Down at the docks, where the air smells of salt and diesel, the talk isn't just about container delays anymore. It's about the big bosses in Abuja getting called out. Word spread fast through the portside canteens and driver parks: the House of Representatives committee is done waiting. They're threatening to have the CEOs of the Nigeria Customs Service, the Nigerian Maritime Administration and Safety Agency (NIMASA), and the Nigerian Ports Authority (NPA) arrested if they don't show up to answer questions. For the truckers waiting weeks to load, it's a sign someone up there might finally be listening to the chaos down here.

People here have watched these agencies for years. Customs controls what comes in and out, setting the tariffs that make goods expensive. NIMASA is supposed to keep our waters safe and train seafarers. The NPA runs the ports themselves, the gates to the country. When their chiefs don't answer a summons from the people's representatives, it feels like the same old story. It feels like impunity, like the rules don't apply to those at the top, no matter how much it costs the rest of us.
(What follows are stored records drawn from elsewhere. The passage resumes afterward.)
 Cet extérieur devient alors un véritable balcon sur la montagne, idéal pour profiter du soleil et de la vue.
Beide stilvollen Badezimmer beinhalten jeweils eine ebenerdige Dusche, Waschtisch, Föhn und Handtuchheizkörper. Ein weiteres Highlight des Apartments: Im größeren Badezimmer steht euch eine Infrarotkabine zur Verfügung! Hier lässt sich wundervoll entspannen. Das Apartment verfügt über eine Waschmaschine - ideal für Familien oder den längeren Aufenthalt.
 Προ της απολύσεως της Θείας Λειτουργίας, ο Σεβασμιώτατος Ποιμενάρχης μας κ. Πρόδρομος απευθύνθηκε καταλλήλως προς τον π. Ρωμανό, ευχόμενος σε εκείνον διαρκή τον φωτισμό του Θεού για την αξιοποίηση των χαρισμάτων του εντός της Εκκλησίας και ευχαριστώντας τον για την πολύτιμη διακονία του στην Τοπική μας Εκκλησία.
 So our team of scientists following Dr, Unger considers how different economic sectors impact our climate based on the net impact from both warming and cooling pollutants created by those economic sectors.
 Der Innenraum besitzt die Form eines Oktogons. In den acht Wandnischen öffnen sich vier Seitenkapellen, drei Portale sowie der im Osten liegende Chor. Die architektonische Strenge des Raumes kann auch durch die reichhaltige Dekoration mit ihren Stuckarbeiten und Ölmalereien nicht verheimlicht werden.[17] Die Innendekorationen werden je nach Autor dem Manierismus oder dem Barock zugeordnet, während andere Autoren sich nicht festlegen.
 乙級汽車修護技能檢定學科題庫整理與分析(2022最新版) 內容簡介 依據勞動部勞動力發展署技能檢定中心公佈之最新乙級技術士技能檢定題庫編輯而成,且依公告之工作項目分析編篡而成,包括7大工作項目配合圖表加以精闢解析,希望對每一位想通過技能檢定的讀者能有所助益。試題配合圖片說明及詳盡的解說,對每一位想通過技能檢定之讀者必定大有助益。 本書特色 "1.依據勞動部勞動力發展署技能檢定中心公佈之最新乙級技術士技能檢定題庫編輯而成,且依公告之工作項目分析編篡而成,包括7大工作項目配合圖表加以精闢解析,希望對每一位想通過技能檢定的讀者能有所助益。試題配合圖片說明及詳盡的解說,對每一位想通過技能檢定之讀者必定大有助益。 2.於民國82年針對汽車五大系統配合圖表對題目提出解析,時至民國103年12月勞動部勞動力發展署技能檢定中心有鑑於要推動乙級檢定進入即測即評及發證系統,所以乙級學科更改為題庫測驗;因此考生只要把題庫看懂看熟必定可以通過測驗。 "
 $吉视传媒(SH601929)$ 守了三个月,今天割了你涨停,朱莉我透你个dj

The committee's threat isn't just political theater. It's a real legal step. Issuing a warrant for the arrest of a sitting agency CEO is a serious move. It shows the lawmakers are willing to escalate a standoff that usually gets settled behind closed doors with handshakes. They're putting it out in the open, making a public demand for accountability. That's something you don't see every day around here.
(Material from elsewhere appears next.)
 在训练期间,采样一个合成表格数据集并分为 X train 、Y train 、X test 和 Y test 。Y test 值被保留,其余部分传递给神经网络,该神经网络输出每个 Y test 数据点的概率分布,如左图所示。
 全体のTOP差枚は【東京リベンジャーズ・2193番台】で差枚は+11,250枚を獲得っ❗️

For market women sourcing goods, for mechanics waiting on spare parts stuck in port, this fight hits close to home. The efficiency, or lack of it, in these agencies directly shapes the price of garri, the cost of a motorcycle part, the timeline for a construction project. When the system is opaque and unresponsive at the top, the bottlenecks and 'charges' trickle all the way down to the last mile. People are tired of it.
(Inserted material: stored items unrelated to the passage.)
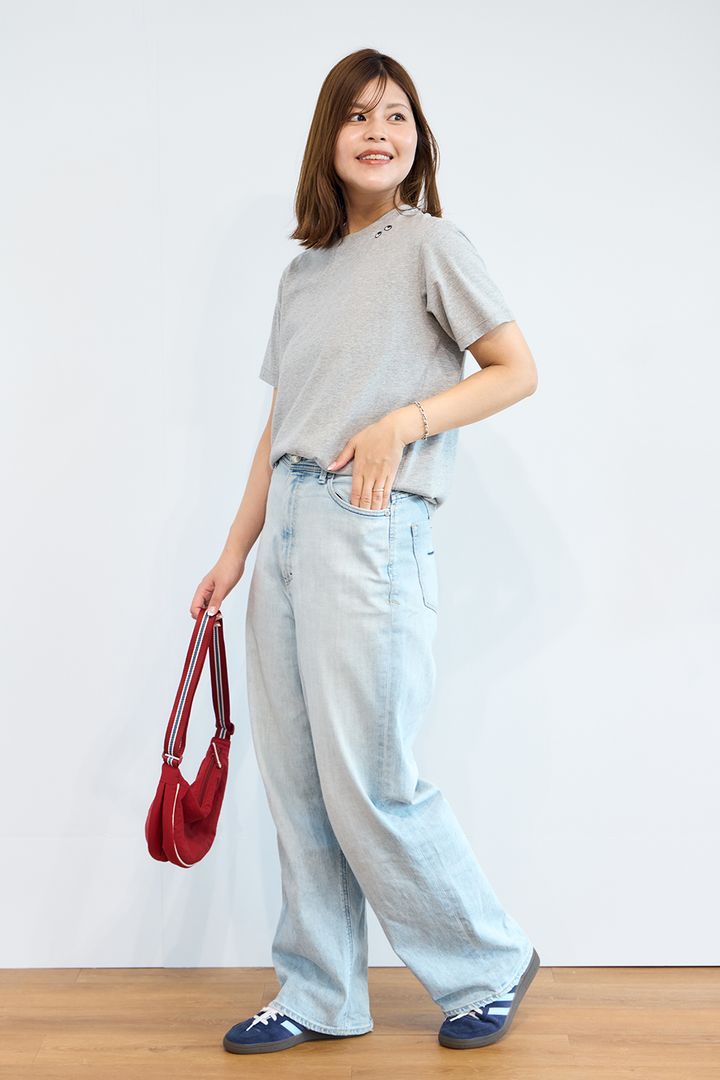 デニムと合わせたシンプルコーデも、ボックスシルエットのTシャツのおかげで一気に今っぽく。明るめのグレーTに薄色デニムと全体を淡色でまとめれば、ゆるT×ゆるデニムのリラクシーカジュアルに女性らしさが宿ります。
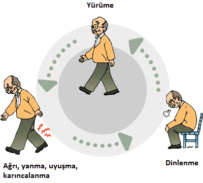 Hastalarda sırt, bel ağrısı, ayaklarda güç kaybı ve uyuşma görülebilir. Hastalarda en belirgin bulgu belirli bir mesafe yürüdükten sonra bacaklarda ortaya çıkan kramp ve kasılmalardır. Zamanla bu bulguların ortaya çıktığı yürüme mesafe azalır ve çok ileri dönemlerde hastalar ev içindeki yürüme dönemlerinde dahi bacaklarda kramp ve kasılma sorunlarıyla karşı karşıya kalırlar. Yürümekte olan hastalar kramp ve kasılma meydana geldiğinde dinlenirlerse şikayetleri azalır. Sonra tekrar yürümeye başladıklarında yine aynı sorunla karşı karşıya kalırlar. Hastalarda bel ve kalçadan başlayıp bacağa, ayağa yayılan ağrı olabilir.
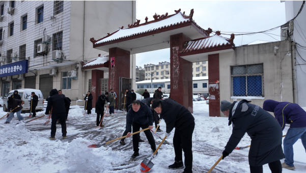 镇党委、政府紧急召开部署会议,明确责任分工,组建多支除冰扫雪队伍,聚焦主干道、公共区域、卫生院周边等重点路段,实行“分片包干、全员参与、逐段清理”机制。干部职工和志愿者们不畏严寒,手持铁锹、扫帚等工具,有序投入到各责任路段,全力投入除雪一线。
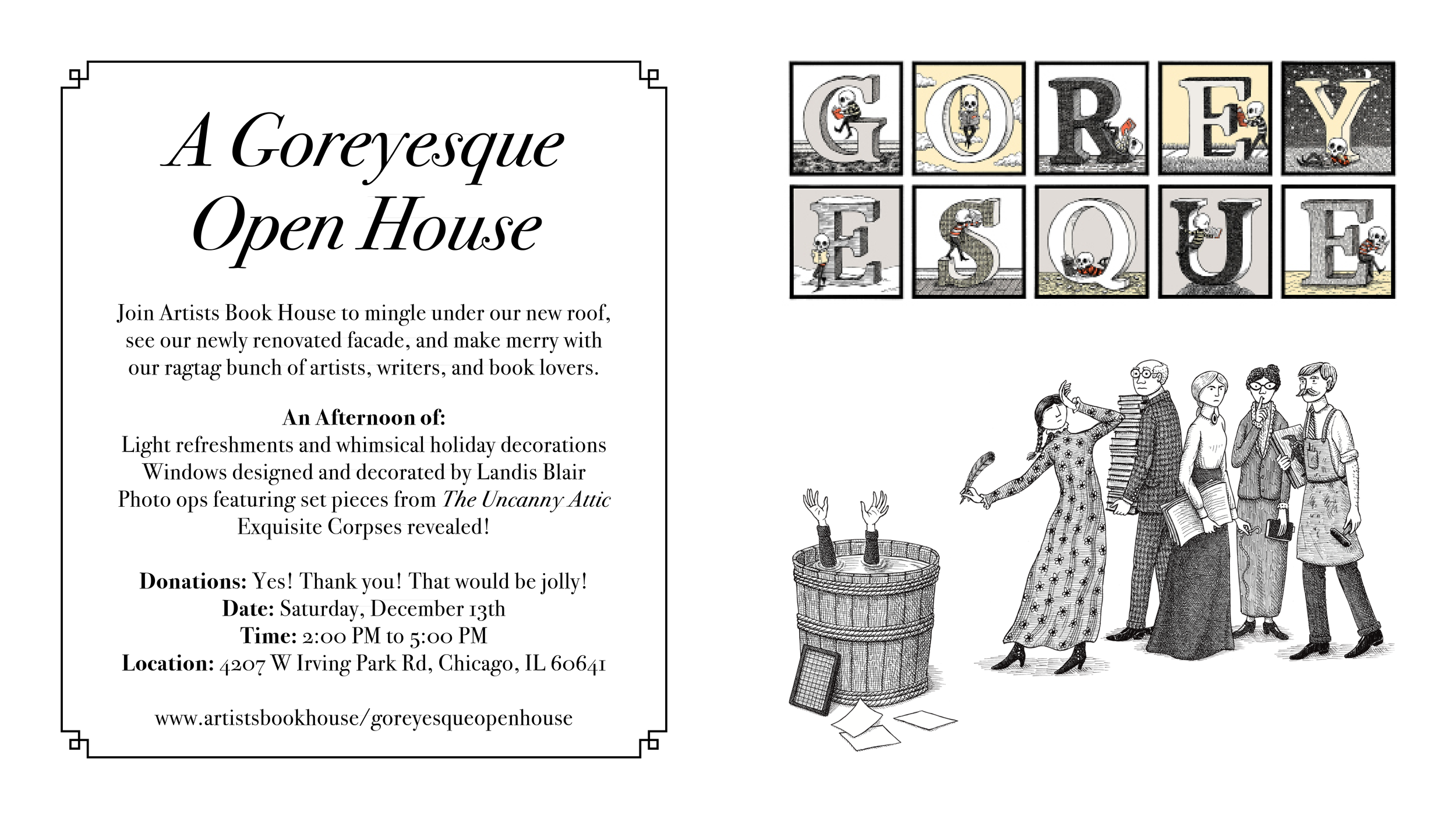 After the architects toiled over the blueprints, and much documentation was uploaded into the aether, a crack team of workmen completed construction just before winter set in. To celebrate our good fortune, the 100th birthday of Edward Gorey, and the upcoming holidays, we have decided to host an Open House at Artists Book House.

There's a feeling of 'let's see if they'll really do it.' Skepticism runs deep in this community. We've seen big promises before. But there's also a sliver of hope. Maybe this time the pressure will stick. Maybe forcing these powerful figures to publicly account for their work will start to untangle some of the red tape that strangles business and hikes prices for everyone.

The next step is clear. The committee has drawn a line in the sand. They've said appear or face arrest. Now the ball is in the court of the Customs Comptroller-General, the Director-General of NIMASA, and the Managing Director of the NPA. Will they heed the summons and face the music, or will they call the committee's bluff? Their choice will tell us a lot about where the power really lies.

This isn't just about a hearing in an air-conditioned committee room in Abuja. It's about the principle that no one is above scrutiny. It's about the idea that the people who run vital services that affect millions of lives must answer for how they run them. For the average Nigerian just trying to get by, that principle, if enforced, could mean more than any single policy announcement.

The community will be watching closely. The committee has set a deadline, though the exact date isn't public yet. The forward-looking fact is the clock is ticking. Either these agency heads present themselves before the lawmakers by that deadline, or they could be looking at the embarrassment and legal drama of an arrest warrant. That's the concrete next step that everyone from the port clerk to the roadside trader is waiting to see unfold.